Stored data:
# # # #

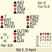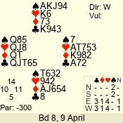 | Con | Dc | Res | Score | Ld | Pairs | Rd | Tbl | | 3 N | S | +2 | 460 | 8 | 01 - 06 | 2 | 1 |
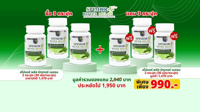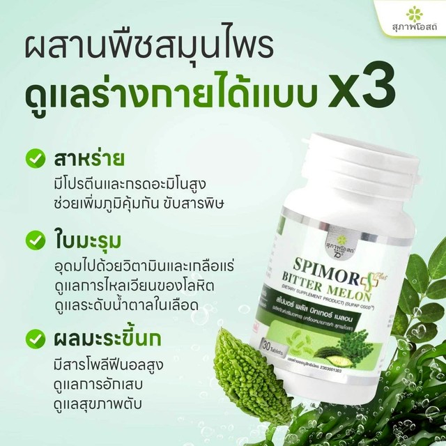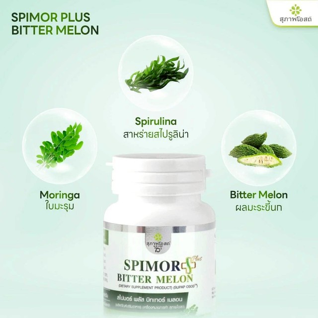 Spimor plus Bitter Melon อาหารเสริมเพื่อสุขภาพครบวงจร พลังแห่งธรรมชาติ ผสาน 3 สารสกัดสุดยอดจากธรรมชาติ พลังล้นเหลือดีต่อสุขภาพในเม็ดเดียว ทั้งสไปรูลิน่า ใบมะรุม และผลมะระขี้นก
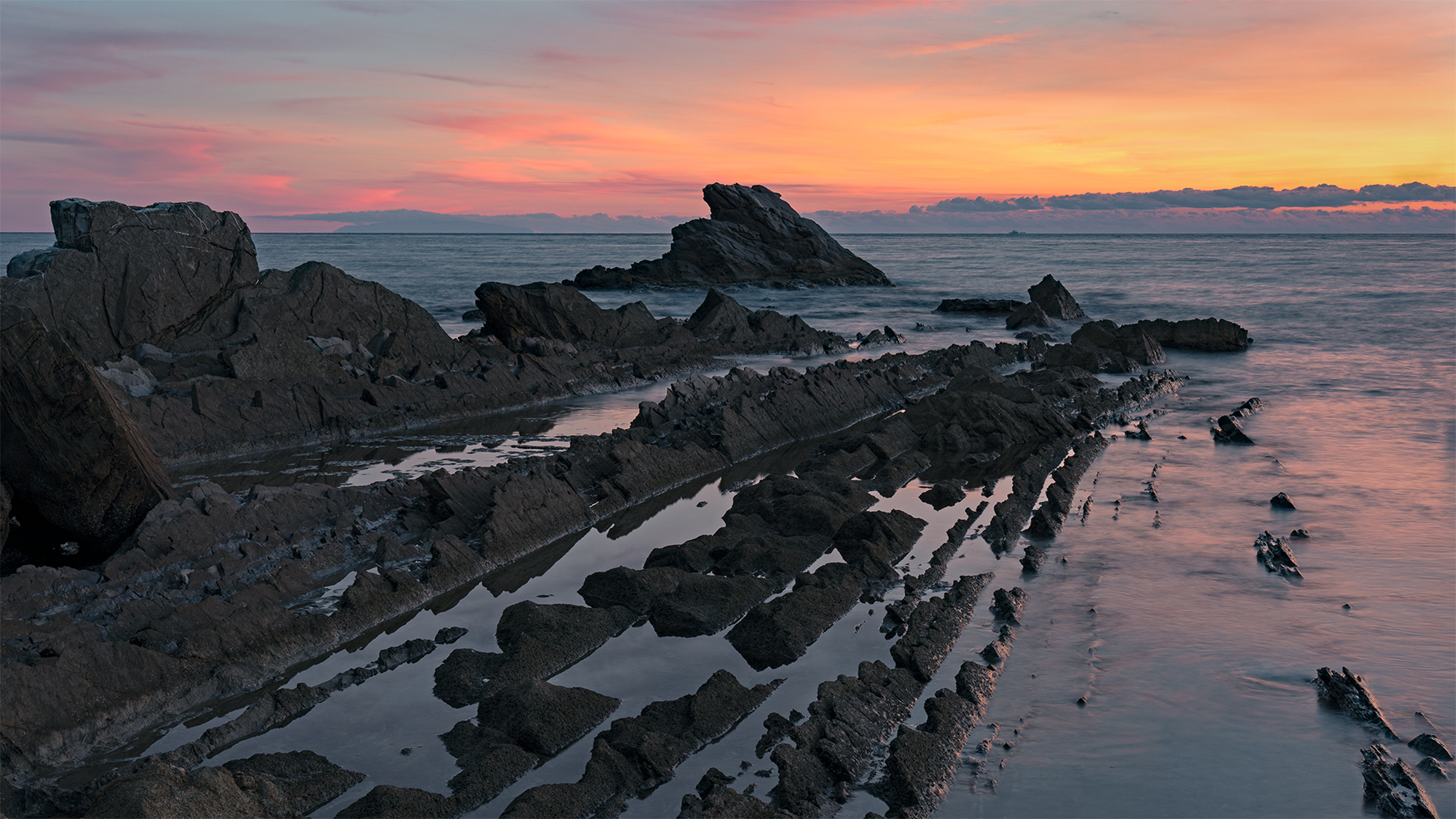 Mi piace sia la composizione che sfrutta la diagonale, sia il contrasto fra le scure forme aguzze ed i toni caldi de bel tramonto

# # # #

Problem: Reproduce the listing word for word. Do not carry over the pictures.

Written answer:
 | Con | Dc | Res | Score | Ld | Pairs | Rd | Tbl | | 3 N | S | +2 | 460 | 8 | 01 - 06 | 2 | 1 |
 Spimor plus Bitter Melon อาหารเสริมเพื่อสุขภาพครบวงจร พลังแห่งธรรมชาติ ผสาน 3 สารสกัดสุดยอดจากธรรมชาติ พลังล้นเหลือดีต่อสุขภาพในเม็ดเดียว ทั้งสไปรูลิน่า ใบมะรุม และผลมะระขี้นก
 Mi piace sia la composizione che sfrutta la diagonale, sia il contrasto fra le scure forme aguzze ed i toni caldi de bel tramonto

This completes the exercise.